Seminar: Vince Vu

January 19, 2018
Thursday, February 1, 2018 - 3:00pm
209 W. Eighteenth Ave. (EA), Room 170
Vince Vu

Title

Group invariance and computational sufficiency

Speaker

Vince Vu, Department of Statistics, The Ohio State University

Abstract

Statistical sufficiency formalizes the notion of data reduction.
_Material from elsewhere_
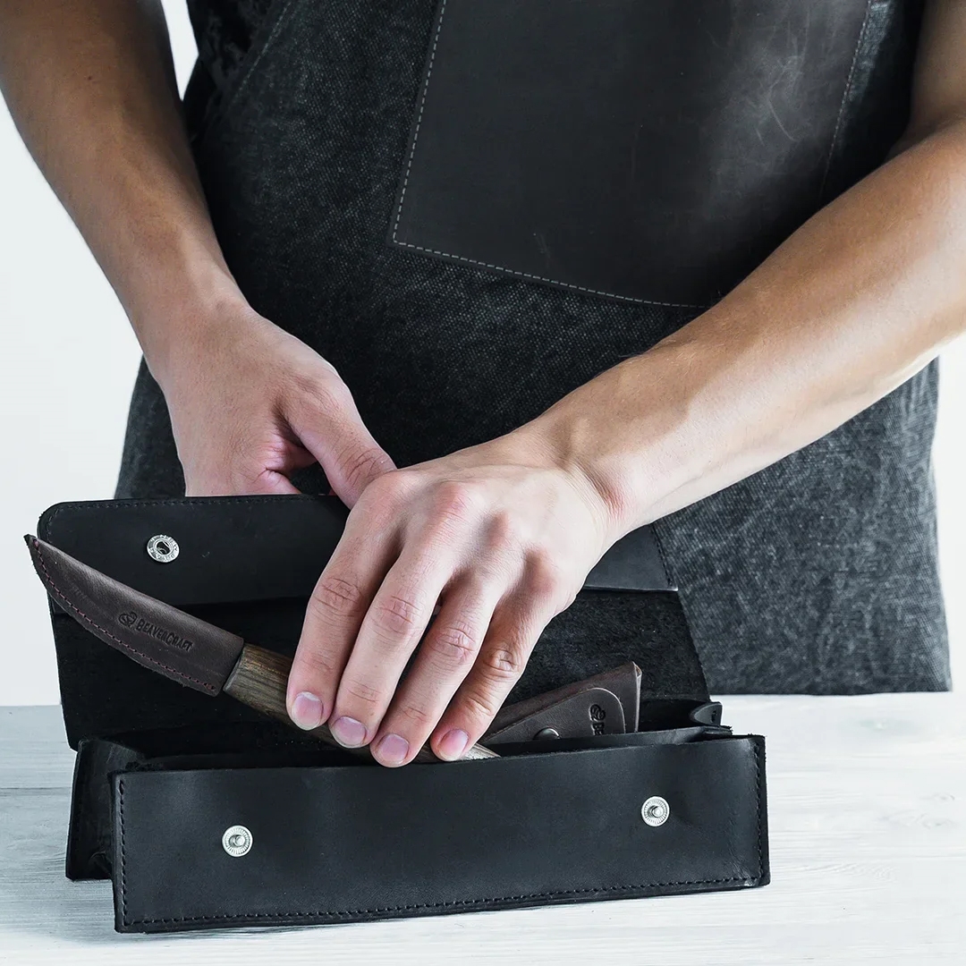 For å holde verktøyene dine trygge og stilfullt organisert, har vi inkludert en holdbar rullepose laget av høykvalitetslær, i en vakker brun nyanse. Den beskytter ikke bare dine verdifulle verktøy, men legger også til et snev av eleganse til dine skjæreprosjekter. Denne posen gjør det enkelt å lagre og transportere settet ditt, uansett hvor din kreativitet fører deg.

In the decision theoretic interpretation, once a model is chosen all inferences should be based on a sufficient statistic.  However, suppose we start with a set of methods that share a sufficient statistic rather than a specific model.  Is it possible to reduce the data beyond the statistic and yet still be able to compute all of the methods?  In this talk, I'll present some progress towards a theory of "computational sufficiency" and show that strong reductions _can_ be made for large classes of penalized M-estimators by exploiting hidden symmetries in the underlying optimization problems.  These reductions can (1) enable efficient computation and (2) reveal hidden connections between seemingly disparate methods.  As a main example, I'll show how the theory provides a surprising answer to the following question: "What do the Graphical Lasso, sparse PCA, single-linkage clustering, and L1 penalized Ising model selection all have in common?"

Note: Seminars are free and open to the public. Reception to follow.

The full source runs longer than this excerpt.